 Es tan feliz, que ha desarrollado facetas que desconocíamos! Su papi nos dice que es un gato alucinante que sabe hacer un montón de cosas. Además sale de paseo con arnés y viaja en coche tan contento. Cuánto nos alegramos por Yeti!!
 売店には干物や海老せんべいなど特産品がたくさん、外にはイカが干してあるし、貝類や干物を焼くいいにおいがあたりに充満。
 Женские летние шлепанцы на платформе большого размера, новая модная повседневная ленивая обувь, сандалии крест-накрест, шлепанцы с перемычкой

--

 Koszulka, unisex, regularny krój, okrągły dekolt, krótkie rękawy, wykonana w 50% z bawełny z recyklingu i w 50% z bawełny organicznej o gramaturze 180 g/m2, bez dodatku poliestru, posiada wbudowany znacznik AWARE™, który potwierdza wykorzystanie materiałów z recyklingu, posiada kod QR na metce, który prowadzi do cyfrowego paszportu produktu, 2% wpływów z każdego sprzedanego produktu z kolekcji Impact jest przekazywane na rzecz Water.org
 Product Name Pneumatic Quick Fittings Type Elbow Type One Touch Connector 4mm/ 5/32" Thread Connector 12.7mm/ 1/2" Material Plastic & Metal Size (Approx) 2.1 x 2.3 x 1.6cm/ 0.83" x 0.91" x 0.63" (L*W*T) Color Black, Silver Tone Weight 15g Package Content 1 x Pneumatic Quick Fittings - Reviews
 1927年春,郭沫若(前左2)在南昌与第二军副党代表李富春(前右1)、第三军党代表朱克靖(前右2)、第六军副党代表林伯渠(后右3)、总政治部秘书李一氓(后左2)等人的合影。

## INSTRUCTIONS TO FOLLOW
All that is wanted is a faithful reproduction of the line above with "Es tan feliz, que", the line with "売店には干物や海老せんべいな", and every line in between.

## REPLY
 Es tan feliz, que ha desarrollado facetas que desconocíamos! Su papi nos dice que es un gato alucinante que sabe hacer un montón de cosas. Además sale de paseo con arnés y viaja en coche tan contento. Cuánto nos alegramos por Yeti!!
 売店には干物や海老せんべいなど特産品がたくさん、外にはイカが干してあるし、貝類や干物を焼くいいにおいがあたりに充満。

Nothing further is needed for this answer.